CRISPR-Cas9 gene therapy has been shown to be effective in vitro, although until now the gene editing technique has not been used in vivo in humans. However, a group of oncologists in China have now used CRISPR-Cas9 edited cells to treat a patient suffering from an aggressive form of lung cancer – metastatic non-small-cell lung cancer.
CRISPR-Cas9 gene therapy uses a combination of guide RNA (gRNA) which binds to a specific section of DNA and a Cas9 enzyme to cut the DNA at a specific point. Sections of the DNA can be removed or added as necessary. The CRISPR-Cas9 gene therapy technique has been tested in animal studies and on human cells in vitro, but until now, the CRISPR-Cas9 technique has not been used to treat diseases in vivo.
Trials has been planned in the United States, although they are not scheduled to commence until early 2017. The U.S. trials will involve the use of CRISPR-Cas9 gene therapy on three genes and the trials will involve patients suffering from terminal cancer. Further trials on cancer patients have been proposed in China although they are currently awaiting funding.
The first CRISPR-Cas9 clinical trial was conducted on October 28 in the West China Hospital in Chengdu with oncologist Lu You of Chengdu’s Sichuan University leading the trial.
Immune cells were extracted from a blood sample taken from the patient. The CRISPR-Cas9 gene therapy technique was then used to disable the gene responsible for triggering the synthesis of the protein PD-1. The PD-1 protein usually slows the immune response. When the immune response is suppressed, cancer cells proliferate quickly.

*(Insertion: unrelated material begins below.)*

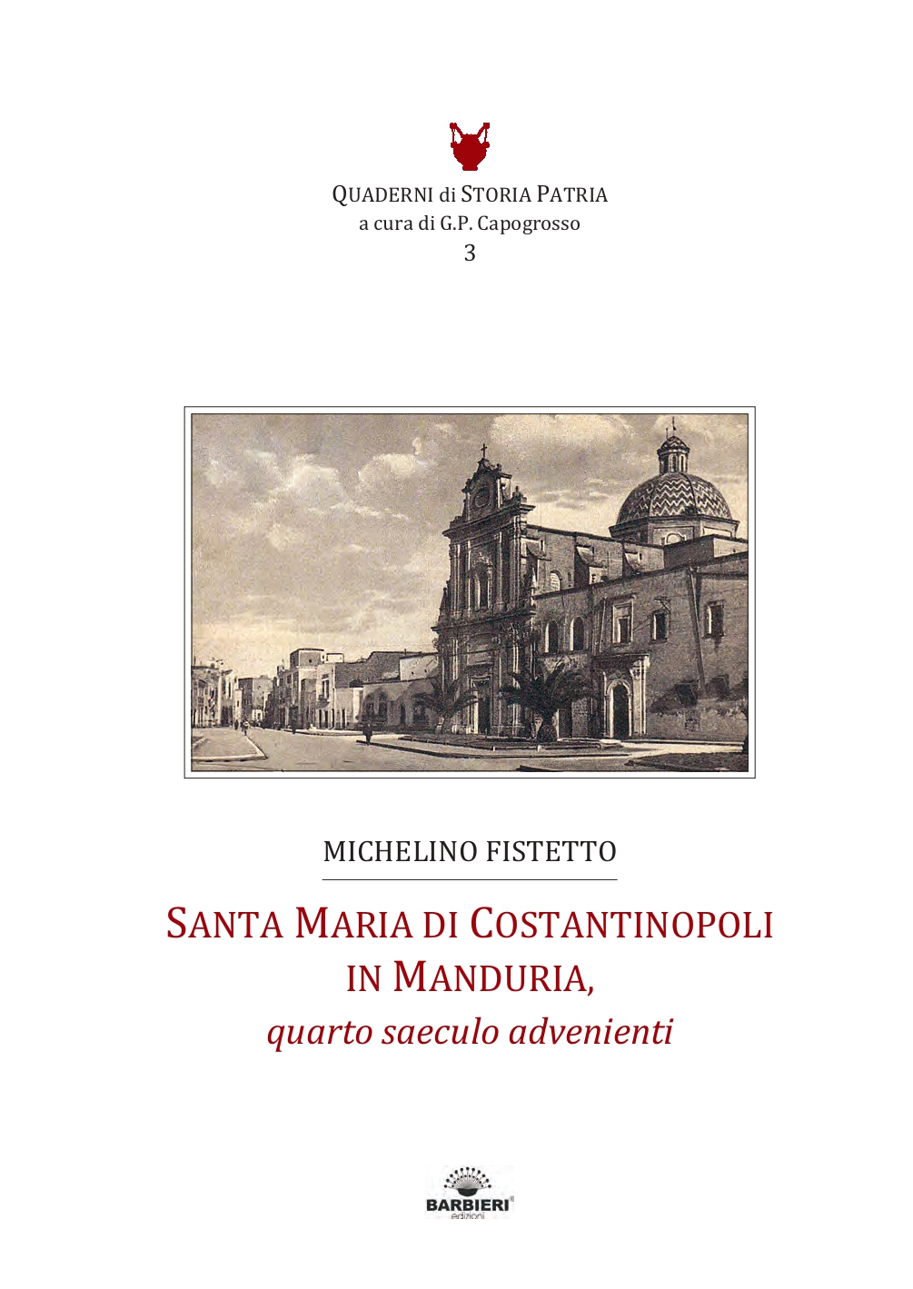 Il terzo numero dei «Quaderni di Storia Patria», Santa Maria di Costantinopoli in Manduria, quarto saeculo advenienti, del prof. Michelino Fistetto, è la sintesi di una più corposa ricerca storica condotta dall’autore sulla chiesa di Santa Maria di Costantinopoli e l’annesso monastero dei Padri Agostiniani di Manduria.

The gene-edited cells were then cultured in vitro to increase their number and they were injected back into the patient. The aim of the trial was to prevent the synthesis of PD-1, thus allowing the patient’s immune system to attack – and hopefully defeat – the cancer.
The clinical trial was approved by the hospital review board in July and was scheduled to take place in August, although the trial was delayed as the team experienced difficulty culturing and amplifying the cells for the procedure.
The procedure went as planned and further injections will be performed, with the patient scheduled to receive three or four injections of the modified cells. A further nine patients will also be treated as part of the trial.
The main aim of the study is to demonstrate whether the technique is safe for use in humans. The patients will be monitored over a period of six months to see how they respond and whether there are any negative effects associated with the treatment. Patients will be continuously monitored after the six months to determine how well they respond to the treatment and whether there is any effect on the growth of cancer cells.
Whether the technique proves to be more effective than the use of antibodies to neutralize PD-1 remains to be seen. Regardless of the outcome, this is certainly a major milestone in the use of CRISPR-Cas9 gene therapy.